Key characteristics:

  • Simple session-based organization
  • No TTL or expiration (manual cleanup)
  • No performance metrics tracking
  • ~250 lines of code (drastically simplified from 1,730 lines)

Simple buffer design: This is a request deduplication system to avoid redundant HTTP requests within a session, not a traditional cache with performance tracking.

Error Handling

  • Automatic retries (3 attempts with exponential backoff)
  • Graceful degradation (continues on failure)
  • Comprehensive error logging
  • Metrics tracking for errors

Rate Limiting

  • Configurable delays per source
  • Prevents server overload
  • Respectful web scraping

Data Validation

  • Required field checking
  • Data type validation
  • Minimum record count validation
  • Validation errors logged but don't stop extraction

Configuration

Environment Variables (.env.local)

# AWS S3 (for caching)
AWS_BUCKET_NAME=your-bucket-name
AWS_ACCESS_KEY_ID=your-key
AWS_SECRET_ACCESS_KEY=your-secret
AWS_REGION=us-east-1

# Scraper Settings
SCRAPER_RATE_LIMIT=1.0
SCRAPER_TIMEOUT=30
SCRAPER_MAX_RETRIES=3

# Output
OUTPUT_DIR=./data_raw
LOG_FILE=data_extraction.log

Data Source Configuration

Each source has independent settings:

  • enabled - Enable/disable extraction
  • rate_limit - Delay between requests (optional)
  • custom_config - Source-specific options (optional)

Note: URL deduplication is always enabled and session-based.
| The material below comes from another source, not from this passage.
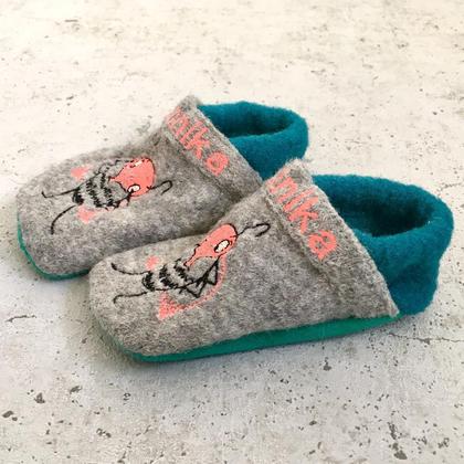 Bequeme, weiche Patschen aus Wollwalk (100% Wolle) mit Ledersohle! Süße, gestickte Biene, auf Wunsch kann auch der Name aufgestickt werden (siehe Beispiel am Foto - neonpink), in den Größen 18-30.
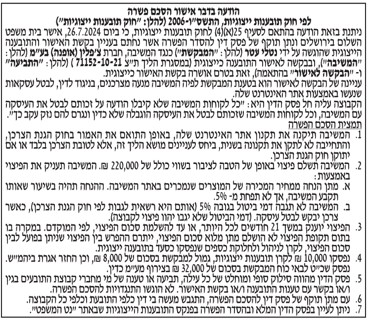 תקציר – ביום- 26.07.2024 בבית המשפט השלום בירושלים אישור הסדר פשרה בין נטלי עטר לבין חברת צ'פלין (אופנה) בע"מ

There is no per-source cache configuration.

Testing

Unit Tests

# Fast tests (no web calls)
pytest tests/ -m "not integration"

Integration Tests

# Real web calls with limit=1
pytest tests/test_real_extraction.py -v -m integration

Test Standards:

  • Extract only 1 item to validate structure
  • Verify URL deduplication works (check S3 buffer)
  • Use buffered content for subsequent tests (avoid redundant requests)
  • Skip gracefully if source unavailable

Adding a New Data Source

1. Create Extractor Module

Create src/data_sources/my_source.py:

from .base import BaseDataSource, SourceSpecification

MY_SOURCE_SPEC = SourceSpecification(
    name="my_source",
    base_url="https://example.com",
    required_fields=["id", "name"],
    output_filename="my_source.csv",
    entity_folder="kits",  # Output to data_raw/kits/
    description="My source extractor"
)

class MySourceExtractor(BaseDataSource):
    def extract(self, limit=None):
        # Construct full URL
        url = f"{self.spec.base_url}/path"
        html = self.scraper.get_html(url)
        # Parse and return records
        return records

2. Register in SOURCES Dictionary

Update src/data_sources/__init__.py:

from .my_source import MySourceExtractor, MY_SOURCE_SPEC

SOURCES = {
    # ... existing sources
    "my_source": (MY_SOURCE_SPEC, MySourceExtractor),
}

3. Add Tests

Create tests in tests/test_data_sources.py:

def test_my_source_extraction():
    source = create_source("my_source", config, scraper, logger, metrics)
    records = source.extract(limit=1)
    assert len(records) == 1
    assert "id" in records[0]
    assert "name" in records[0]

4. Use in Notebook

from src.pipeline import DataExtractionPipeline

pipeline = DataExtractionPipeline()
results = pipeline.run_extraction(sources=['my_source'])

Performance

Expected Extraction Times (with caching)

  • NAR Clubs: ~5 seconds (100+ clubs)
  • Rocketarium: ~3 seconds (50+ products)
  • Estes: ~30 seconds (200+ kits)
  • LOC Precision: ~20 seconds (150+ products)

Buffer Reuse

  • First run in session: All URLs fetched from web
  • Within same session: URLs already buffered are reused
  • New session: New session ID = new buffer namespace

Limit Parameter

Use limit parameter for testing:

# Extract only 1 record for validation
records = source.extract(limit=1)

# Extract 10 records for testing
records = source.extract(limit=10)

# Extract all records (production)
records = source.extract()

Best Practices

For Pipeline Users

  1. Monitor the self-hosted Prefect UI for flow runs and status
  2. Check data_raw/ for extraction output
  3. Review logs in data_extraction.log
  4. Use skip flags to run individual flows as needed
  5. Check Neo4j for loaded data validation

For Developers

  1. Always use limit=1 in integration tests
  2. Format code with black and isort
  3. Add tests for new data sources
  4. Update documentation when adding features
  5. Use environment variables for configuration

Troubleshooting

Issue: Configuration errors: AWS_BUCKET_NAME is not set

  • Solution: Create .env.local with AWS credentials

Issue: Failed to fetch URL after 3 attempts

  • Solution: Check network connection, increase timeout/retries

Issue: Buffer hit rate is 0%

  • Solution: Verify S3 credentials and bucket permissions
  • Note: Each new session starts with empty buffer (this is expected)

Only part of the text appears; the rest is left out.